Aspiring nurse leaders, including Ministry of Health Directors from a diverse array of Latin American and Caribbean nations will undertake leadership learning activities from their own computer stations in their home countries, and at their own pace. The course’s eight modules cover such topics as ethics, the nurse as advocate, and evidence-based research.
“Not every school or health care institution has the resources to send its students and personnel outside their own country for leadership training,” says Dr. Mary Hooshmand, Assistant Professor of Clinical, who helped lead the SONHS team that created the course. “But almost every organization today has Internet connectivity. This course provides an overview of leadership and management principles in a no-cost e-format to the future nurse leaders of the Americas.”
The state-of-the-art course is the most recent global project of the school’s World Health Organization (WHO) Collaborating Centre for Nursing Human Resources Development and Patient Safety—one of only 10 such centers in the United States and 43 in the world. The Centre’s team worked with international partners at the University of the West Indies and the Colombian Association of Schools and Colleges of Nursing to ensure course content is tailored to the needs of the geographical regions it is intended to serve.

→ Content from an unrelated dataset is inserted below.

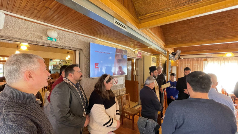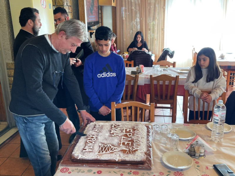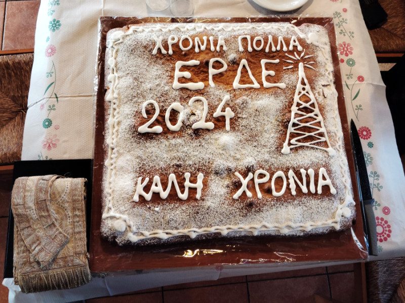 Την Πρωτοχρονιάτικη Πίτα ευλόγησε ο Πατέρας Αναστάσης, Εφημέριος του Ιερού Ναού Αγίας Βαρβάρας, ενώ ο Πρόεδρος της Ένωσης, Θανάσης Καψάλης και τα Μέλη του Διοικητικού Συμβουλίου αντάλλαξαν ευχές με όλα τα Μέλη.
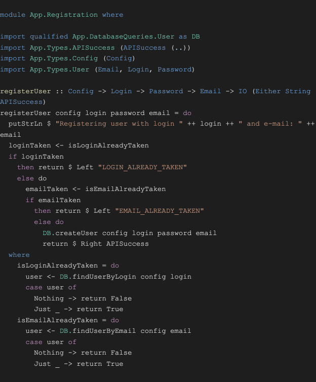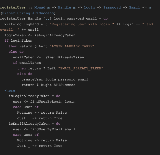 Кстати, паттерн очень удобно использовать с расширением RecordWildCards. Оно позволяет не передавать handle явно как аргумент в каждую функцию интерфейса. С ним функция registerUser будет выглядеть так:

“Collaborating for the betterment of international health care education and knowledge dissemination is a two-way street,” explains Dr. Johis Ortega, Deputy Director of the Collaborating Centre and co-leader of the course design team. “You can’t just drop in on developing world nations and tell them how you are going to help them, and you can’t generate a global collaboration plan in isolation. If you really want your efforts to have an impact you must first take the pulse of the regions you are trying to serve and hear their needs and concerns.”
In an effort to disseminate healthcare knowledge and leadership tools to difficult-to-reach segments of the healthcare workforce, the SONHS’ WHO Collaborating Centre facilitates an ever-expanding list of web-based courses in English, Spanish, and Portuguese at no charge to nurses, students, and faculty across the globe, with a focus on Latin America and the Caribbean. Prior courses include Preventing Medical Errors, Domestic Violence, HIV Prevention and Care, and Nursing and Patient Safety – the latter with over 3,000 enrolled participants since its inception.
1 The PAHO Virtual Public Health Campus is a virtual community that serves as a platform for communication exchange and provides a library of distance education tools designed to strengthen health care policy and practice in the Latin America and the Caribbean.